Extracted records:

<<<<

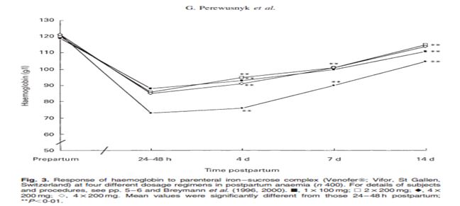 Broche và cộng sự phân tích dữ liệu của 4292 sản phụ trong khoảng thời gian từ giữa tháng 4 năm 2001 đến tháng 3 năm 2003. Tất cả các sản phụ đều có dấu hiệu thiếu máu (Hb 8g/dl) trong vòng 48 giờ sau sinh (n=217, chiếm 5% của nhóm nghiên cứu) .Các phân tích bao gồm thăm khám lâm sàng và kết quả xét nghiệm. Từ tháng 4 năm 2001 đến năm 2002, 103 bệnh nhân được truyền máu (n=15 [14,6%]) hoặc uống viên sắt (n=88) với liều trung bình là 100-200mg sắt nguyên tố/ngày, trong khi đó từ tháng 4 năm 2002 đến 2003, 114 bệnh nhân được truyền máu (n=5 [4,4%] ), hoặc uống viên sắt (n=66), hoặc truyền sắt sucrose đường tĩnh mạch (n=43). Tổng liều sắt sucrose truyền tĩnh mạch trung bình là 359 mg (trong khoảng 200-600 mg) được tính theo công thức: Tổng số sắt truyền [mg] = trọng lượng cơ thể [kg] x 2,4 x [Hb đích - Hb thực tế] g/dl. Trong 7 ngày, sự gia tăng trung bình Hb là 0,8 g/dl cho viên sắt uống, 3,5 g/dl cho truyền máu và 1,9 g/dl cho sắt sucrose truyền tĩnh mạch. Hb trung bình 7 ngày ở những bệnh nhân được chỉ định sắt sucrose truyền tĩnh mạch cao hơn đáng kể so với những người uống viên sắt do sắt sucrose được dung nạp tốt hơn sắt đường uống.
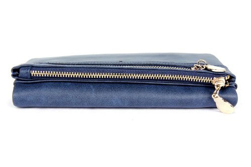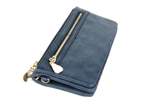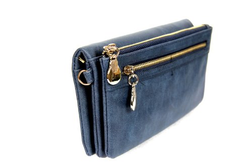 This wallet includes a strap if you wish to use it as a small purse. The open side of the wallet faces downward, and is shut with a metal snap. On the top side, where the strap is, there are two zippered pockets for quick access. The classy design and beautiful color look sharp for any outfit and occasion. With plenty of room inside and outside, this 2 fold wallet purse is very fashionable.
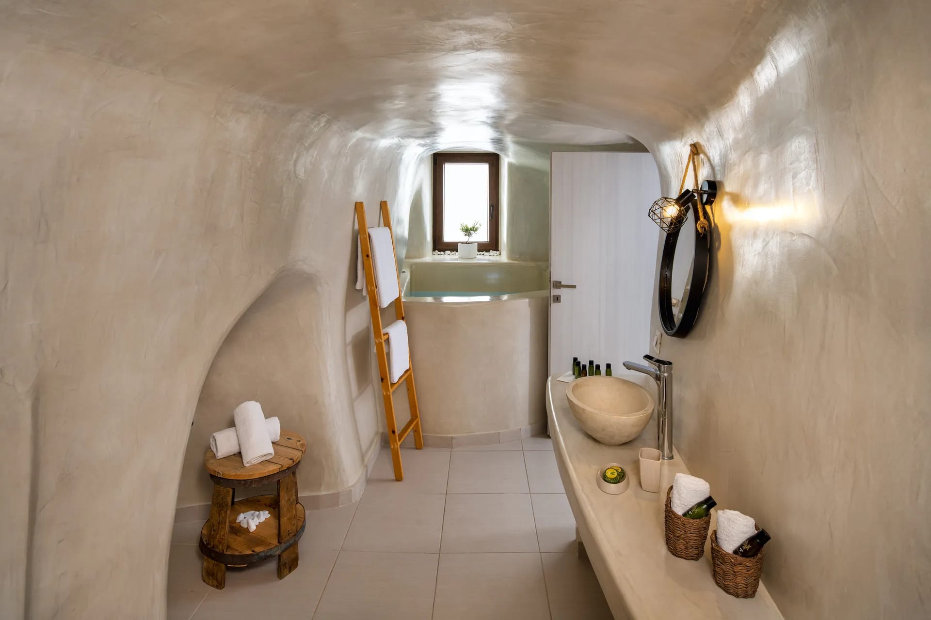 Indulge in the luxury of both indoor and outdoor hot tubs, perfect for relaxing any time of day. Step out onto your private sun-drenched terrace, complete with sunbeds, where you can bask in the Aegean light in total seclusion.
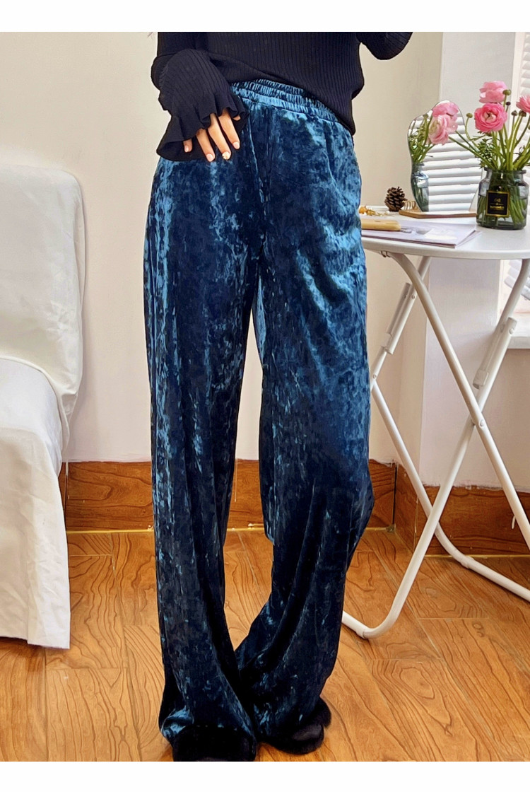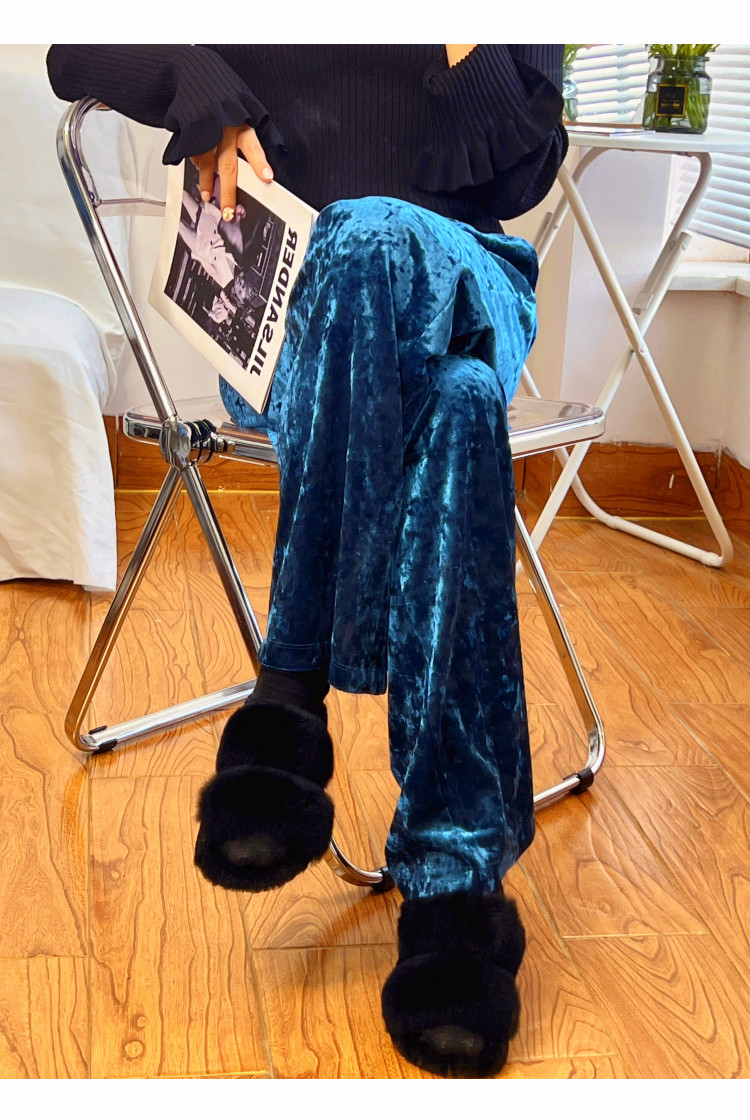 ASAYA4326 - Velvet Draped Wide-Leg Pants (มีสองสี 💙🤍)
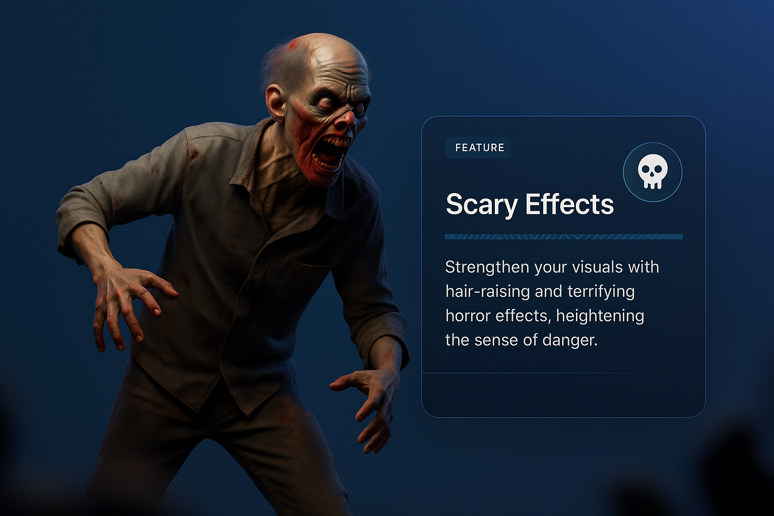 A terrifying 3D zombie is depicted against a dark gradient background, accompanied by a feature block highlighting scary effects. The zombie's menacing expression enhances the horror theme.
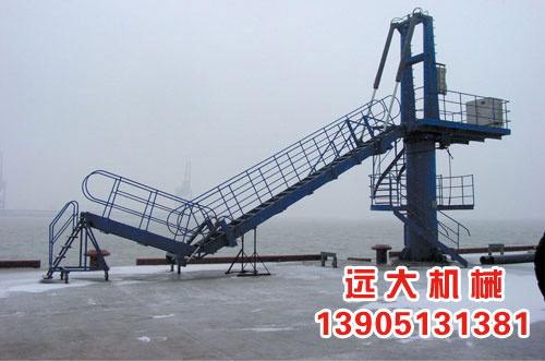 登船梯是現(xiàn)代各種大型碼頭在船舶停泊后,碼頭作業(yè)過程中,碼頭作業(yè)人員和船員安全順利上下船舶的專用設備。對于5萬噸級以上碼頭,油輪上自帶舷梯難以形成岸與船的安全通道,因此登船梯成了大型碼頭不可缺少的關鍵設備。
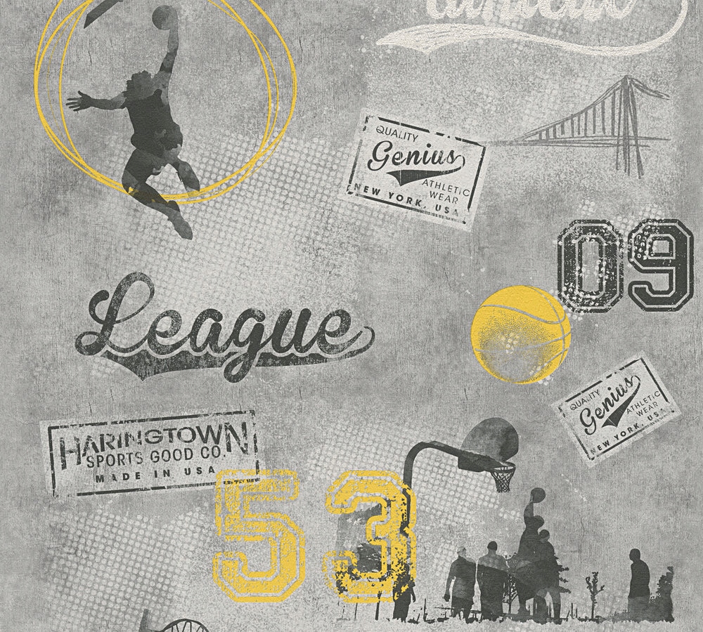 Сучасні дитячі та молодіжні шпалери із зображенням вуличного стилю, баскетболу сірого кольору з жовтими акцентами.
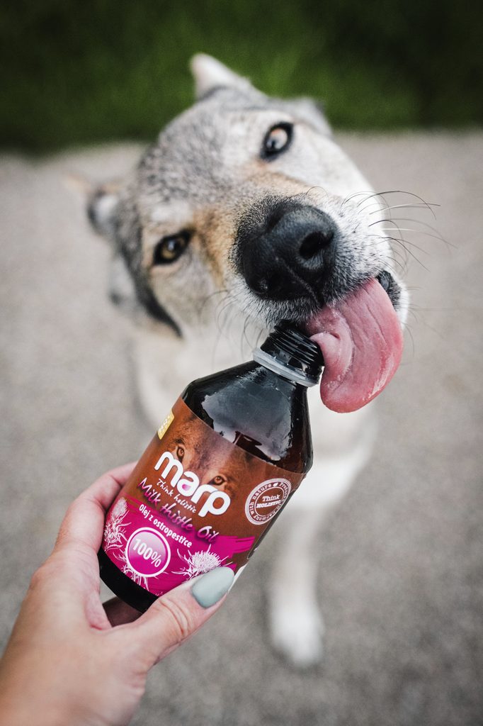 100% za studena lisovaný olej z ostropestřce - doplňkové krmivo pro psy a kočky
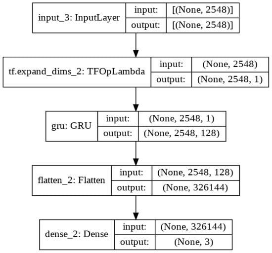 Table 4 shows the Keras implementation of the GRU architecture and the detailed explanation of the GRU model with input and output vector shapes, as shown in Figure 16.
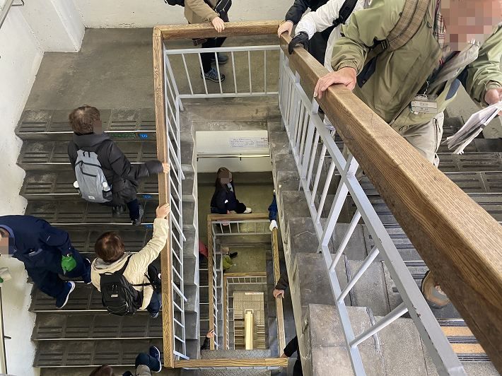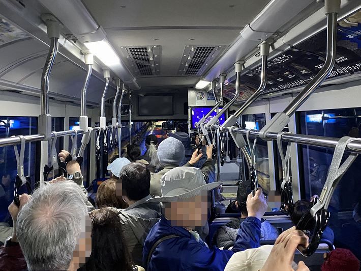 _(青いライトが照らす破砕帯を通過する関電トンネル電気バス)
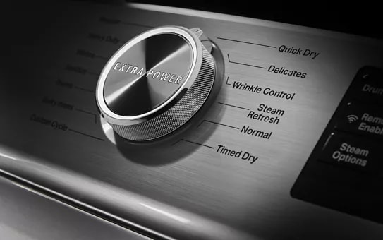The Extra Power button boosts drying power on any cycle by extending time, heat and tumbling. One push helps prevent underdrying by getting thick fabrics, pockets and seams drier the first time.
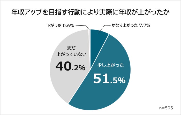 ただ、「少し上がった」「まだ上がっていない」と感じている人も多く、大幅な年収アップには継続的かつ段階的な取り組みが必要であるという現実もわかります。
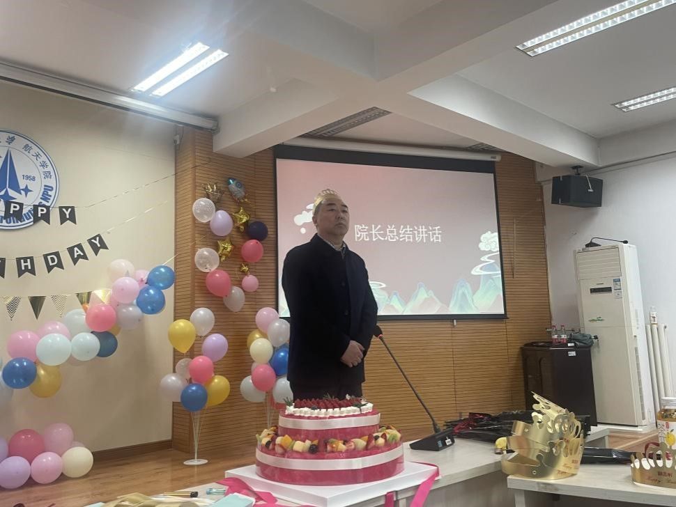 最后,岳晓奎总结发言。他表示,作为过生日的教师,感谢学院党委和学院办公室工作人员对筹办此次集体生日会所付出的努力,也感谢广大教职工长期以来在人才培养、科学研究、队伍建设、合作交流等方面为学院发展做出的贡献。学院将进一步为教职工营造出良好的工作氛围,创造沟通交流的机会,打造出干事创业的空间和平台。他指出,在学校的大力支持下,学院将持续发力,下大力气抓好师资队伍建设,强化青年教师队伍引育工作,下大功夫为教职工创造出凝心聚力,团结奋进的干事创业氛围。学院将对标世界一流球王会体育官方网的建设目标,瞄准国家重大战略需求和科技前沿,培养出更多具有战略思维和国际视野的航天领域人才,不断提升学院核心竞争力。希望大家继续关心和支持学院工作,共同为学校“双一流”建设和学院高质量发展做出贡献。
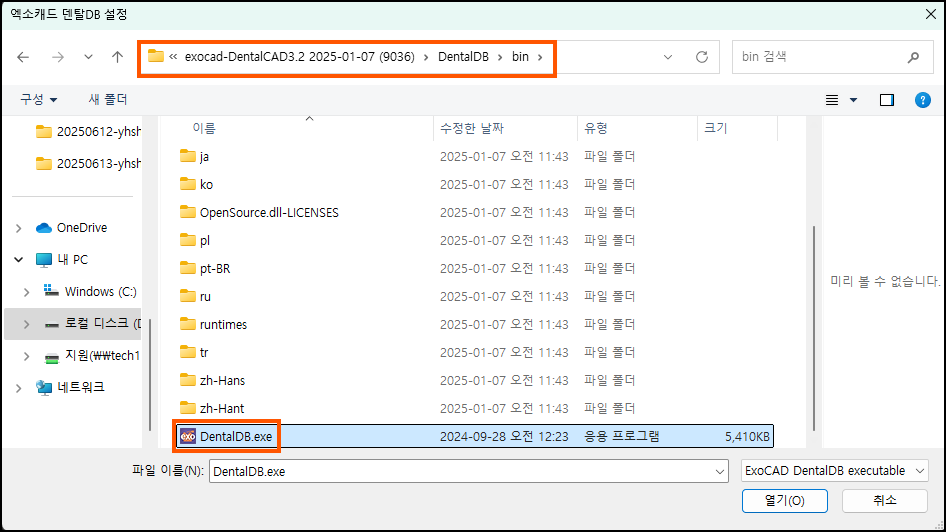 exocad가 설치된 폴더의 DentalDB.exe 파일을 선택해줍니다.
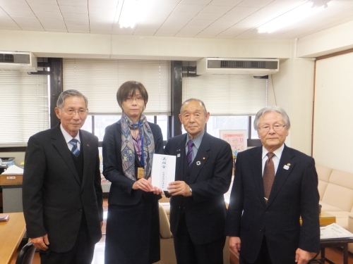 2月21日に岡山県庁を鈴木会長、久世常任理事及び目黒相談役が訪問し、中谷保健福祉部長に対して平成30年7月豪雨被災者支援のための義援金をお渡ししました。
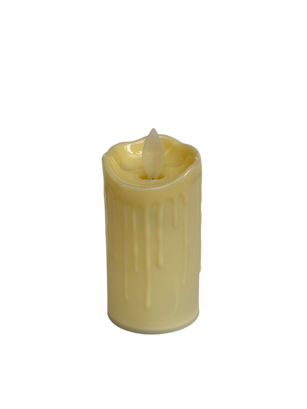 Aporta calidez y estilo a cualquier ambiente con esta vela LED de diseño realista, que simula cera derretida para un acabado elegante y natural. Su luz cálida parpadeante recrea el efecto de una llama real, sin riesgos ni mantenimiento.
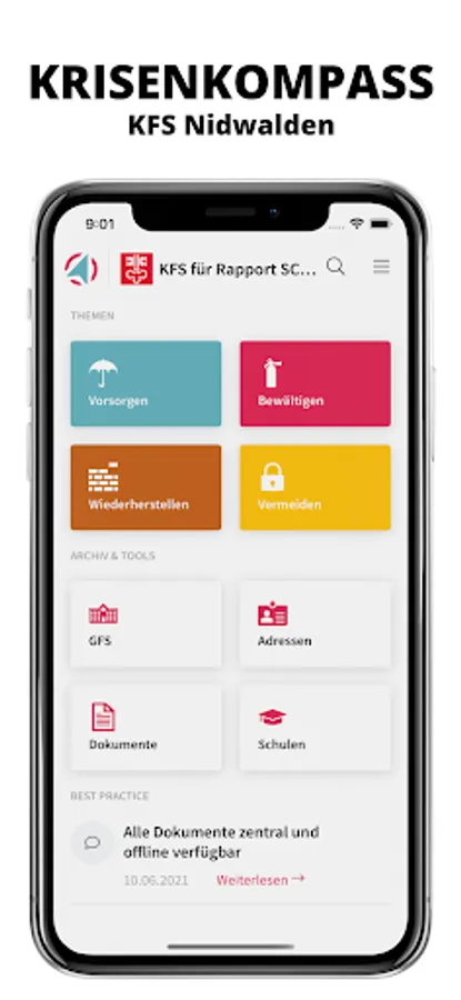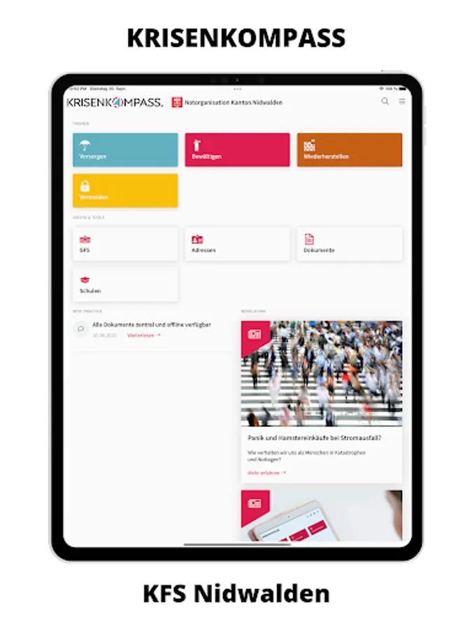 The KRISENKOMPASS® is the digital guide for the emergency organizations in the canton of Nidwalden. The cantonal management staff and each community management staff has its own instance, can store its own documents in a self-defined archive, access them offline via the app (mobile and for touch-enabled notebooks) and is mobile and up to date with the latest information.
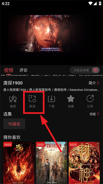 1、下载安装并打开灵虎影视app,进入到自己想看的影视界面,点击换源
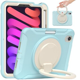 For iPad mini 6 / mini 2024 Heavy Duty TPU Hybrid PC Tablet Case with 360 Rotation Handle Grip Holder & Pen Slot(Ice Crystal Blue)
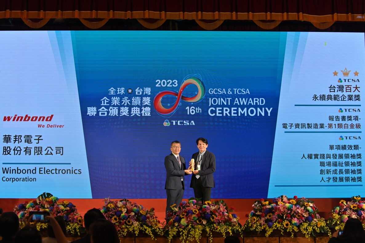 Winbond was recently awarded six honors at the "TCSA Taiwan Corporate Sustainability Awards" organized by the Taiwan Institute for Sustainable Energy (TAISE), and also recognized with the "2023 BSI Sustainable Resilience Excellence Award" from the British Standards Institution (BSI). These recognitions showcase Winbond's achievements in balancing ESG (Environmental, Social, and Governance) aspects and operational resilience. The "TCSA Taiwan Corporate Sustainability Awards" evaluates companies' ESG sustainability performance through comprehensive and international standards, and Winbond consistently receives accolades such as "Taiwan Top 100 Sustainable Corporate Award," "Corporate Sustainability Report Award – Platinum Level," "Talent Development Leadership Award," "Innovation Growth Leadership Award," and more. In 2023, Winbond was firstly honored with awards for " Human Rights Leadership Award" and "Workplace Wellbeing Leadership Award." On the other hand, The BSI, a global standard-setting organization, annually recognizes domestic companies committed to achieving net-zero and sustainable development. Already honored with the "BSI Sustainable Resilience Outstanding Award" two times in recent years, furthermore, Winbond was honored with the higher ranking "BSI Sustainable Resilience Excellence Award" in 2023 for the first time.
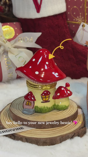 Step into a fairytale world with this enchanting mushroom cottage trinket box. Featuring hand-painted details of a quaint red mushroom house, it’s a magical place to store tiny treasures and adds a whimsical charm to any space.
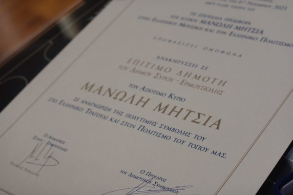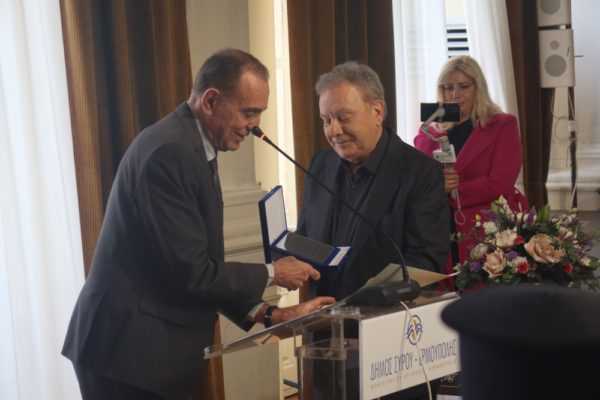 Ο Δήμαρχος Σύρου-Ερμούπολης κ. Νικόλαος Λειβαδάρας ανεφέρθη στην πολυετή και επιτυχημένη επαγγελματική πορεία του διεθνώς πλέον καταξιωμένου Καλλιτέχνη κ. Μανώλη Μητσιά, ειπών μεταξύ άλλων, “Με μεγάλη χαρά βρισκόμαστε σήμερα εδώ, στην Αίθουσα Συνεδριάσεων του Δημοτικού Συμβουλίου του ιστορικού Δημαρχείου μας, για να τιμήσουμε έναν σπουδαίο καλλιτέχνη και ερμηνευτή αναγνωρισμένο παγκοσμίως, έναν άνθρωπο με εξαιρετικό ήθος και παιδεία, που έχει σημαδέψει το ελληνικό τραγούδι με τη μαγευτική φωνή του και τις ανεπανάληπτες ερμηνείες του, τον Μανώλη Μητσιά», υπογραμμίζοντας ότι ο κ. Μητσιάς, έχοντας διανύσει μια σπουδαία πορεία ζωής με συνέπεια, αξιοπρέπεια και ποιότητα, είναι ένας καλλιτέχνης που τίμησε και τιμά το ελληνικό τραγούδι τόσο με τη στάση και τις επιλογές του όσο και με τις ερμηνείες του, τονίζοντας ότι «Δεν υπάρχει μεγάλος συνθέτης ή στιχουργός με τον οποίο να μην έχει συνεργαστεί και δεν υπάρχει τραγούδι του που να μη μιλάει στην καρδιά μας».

>>>>

#### [ACTIVITY]
Look above for the line with "The Extra Power", then give again exactly every line from there through the line with "exocad가 설치된 폴더의 DentalDB.exe 파일을 선택해줍니다.", skipping the pictures.

#### [YOUR SOLUTION]
The Extra Power button boosts drying power on any cycle by extending time, heat and tumbling. One push helps prevent underdrying by getting thick fabrics, pockets and seams drier the first time.
 ただ、「少し上がった」「まだ上がっていない」と感じている人も多く、大幅な年収アップには継続的かつ段階的な取り組みが必要であるという現実もわかります。
 最后,岳晓奎总结发言。他表示,作为过生日的教师,感谢学院党委和学院办公室工作人员对筹办此次集体生日会所付出的努力,也感谢广大教职工长期以来在人才培养、科学研究、队伍建设、合作交流等方面为学院发展做出的贡献。学院将进一步为教职工营造出良好的工作氛围,创造沟通交流的机会,打造出干事创业的空间和平台。他指出,在学校的大力支持下,学院将持续发力,下大力气抓好师资队伍建设,强化青年教师队伍引育工作,下大功夫为教职工创造出凝心聚力,团结奋进的干事创业氛围。学院将对标世界一流球王会体育官方网的建设目标,瞄准国家重大战略需求和科技前沿,培养出更多具有战略思维和国际视野的航天领域人才,不断提升学院核心竞争力。希望大家继续关心和支持学院工作,共同为学校“双一流”建设和学院高质量发展做出贡献。
 exocad가 설치된 폴더의 DentalDB.exe 파일을 선택해줍니다.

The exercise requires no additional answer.